There's rarely a day where I don't listen to a podcast or watch a YouTube video. While many people suggested thick books on game writing and narrative, some of the most useful resources were podcasts and YouTube channels. For me, the information was more accessible and easy to navigate and was updated more frequently.
In this post, I've listed my personal podcast and YouTube favorites that have informed my work as a game writer and narrative designer. Some of these are specific to the craft itself, and some discuss the industry more broadly. Either way, all of these resources have informed my day-to-day work.
If you haven't heard of Script Lock and you want to be a game writer, narrative designer – stop what you're doing and listen to Script Lock.
Each regular episode typically features two game writers or narrative designers in an interview-style format.
Max and Nick Folkman, currently of Insomniac Games, have been working on Script Lock since 2015, so there's a generous backlog of episodes to get lost in. I've been stymied by a narrative problem more than once, only to find that another game writer gave advice on this podcast that spoke to my concern.
I can't think of another podcast more specific to game writing and narrative design than this one.
The AIAS Game Maker's Notebook is one of my favorite podcasts for multiple reasons. Made by the Academy of Interactive Arts and Sciences (the same organization that hosts the D.I.C.E. Summit and the D.I.C.E. Awards), they have the ability to pull interviews from voices that often feel difficult to access despite their clear influence on the industry. The interviews are typically one-on-one between the interviewer and the guest, making it feel personal and honest, given that every episode is about 40 minutes to an hour long.
What I love about this podcast is the range it covers. Many interviews are done with game directors on well-known franchises and IPs we know and love, but many episodes speak with composers, narrative directors, and publisher voices that have a large impact. It's nice to hear from these voices about the broad struggles and triumphs a project faces from beginning to end or considerations in publishing games that are unique and often go unconsidered.
No Clip is both a YouTube channel and podcast headed by Danny O'Dwyer. The YouTube channel is dedicated to long-form documentaries about game studios and their projects. The podcast is a companion channel that features developer interviews.
I appreciate No Clip because it gives a broad overview of what working on a specific project was like and considers the more minute aspects of specific disciplines.
Occasionally, the podcasts feature episodes specific to game writing and narrative design, such as this episode on writing characters in the Outer Worlds or this interview with devs about the broad design and narrative of Ghost of Tsushima.
The Game Maker's Toolkit is another YouTube channel that does deep-dive analyses on video games.
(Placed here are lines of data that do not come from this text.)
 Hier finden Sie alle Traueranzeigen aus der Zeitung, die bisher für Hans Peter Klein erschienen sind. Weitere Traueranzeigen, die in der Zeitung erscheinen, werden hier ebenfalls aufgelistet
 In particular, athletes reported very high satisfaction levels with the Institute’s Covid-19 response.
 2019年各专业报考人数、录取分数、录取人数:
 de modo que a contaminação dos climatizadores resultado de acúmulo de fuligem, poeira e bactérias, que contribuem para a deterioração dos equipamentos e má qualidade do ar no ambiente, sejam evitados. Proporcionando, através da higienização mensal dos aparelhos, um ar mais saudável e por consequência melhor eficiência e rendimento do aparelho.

The channel is run by Mark Brown, a games journalist who does a superb job of looking into the design philosophy and implications behind games and how they're made. His commentary is always thoughtful and holistic.
There are plenty of episodes specific to narrative in games, like the one about Monolith's Nemesis System or how level design can tell a story.
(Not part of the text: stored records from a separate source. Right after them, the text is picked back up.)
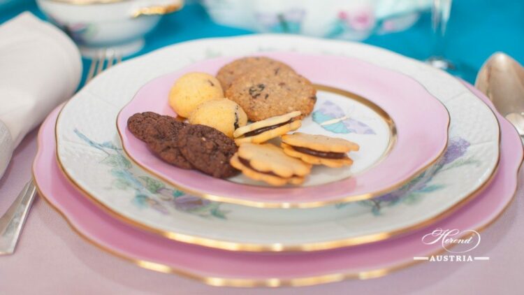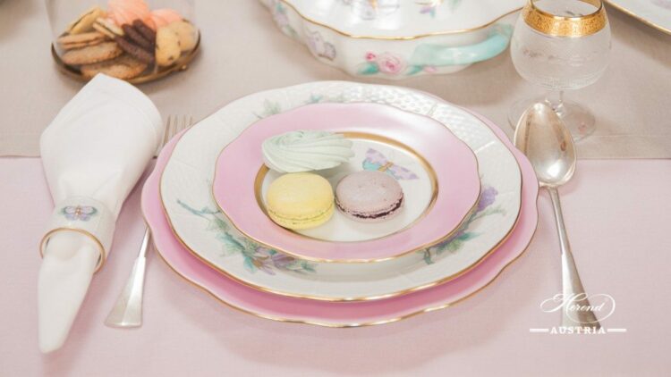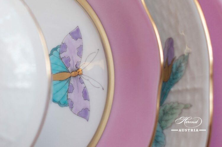 Dessert Plate, medium – Herend, Silk Ribbon Pink Edge w. Butterfly – E-520 pattern.
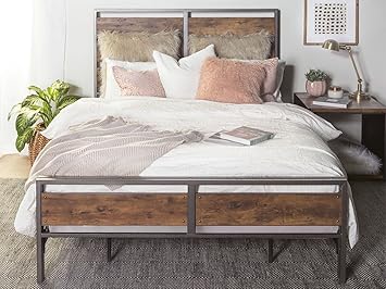 Metal Bed Frame Queen Size Platform With Vintage Headboard And
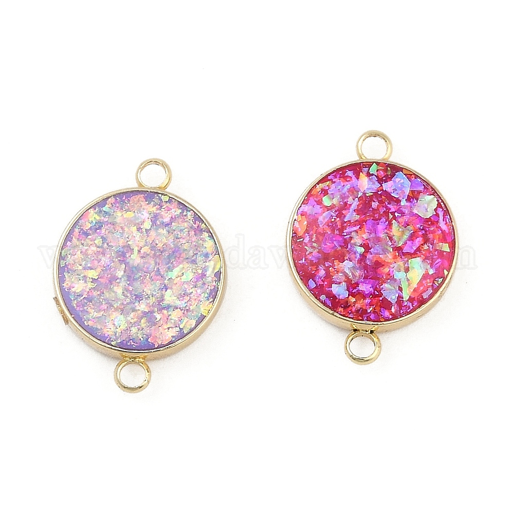 • Фуксиновый Стойка покрытие латунь плоские круглые соединители подвески с синтетическим опалом, долговечный, золотые, красно-фиолетовые, 18.5x13x4 мм, отверстие : 1.8 мм

If you want to hear advice on narrative and game writing straight from the horse's mouth, it is impossible to ignore the Game Developer's Conference. GDC is a yearly professional conference in San Francisco, CA, that discusses the craft of video games. Game developers worldwide gather to exchange insight and information, make pitches, and network. Developers deliver prepared talks about game development, which are recorded and compiled into something called the GDC Vault, a library of talks going back several years. Be warned that full access to the GDC Vault is very expensive, sitting at $550/person and physical attendance at the conference even more so. However, the GDC YouTube channel posts many of the best talks for free and there's more than enough material to keep anyone occupied. They specifically have dozens of talks on narrative uploaded on a playlist.
There are many other podcasts and YouTube channels that I didn't put on this list that I listen to and love. This list does evolve, and I would encourage you to delve in and discover other channels and voices.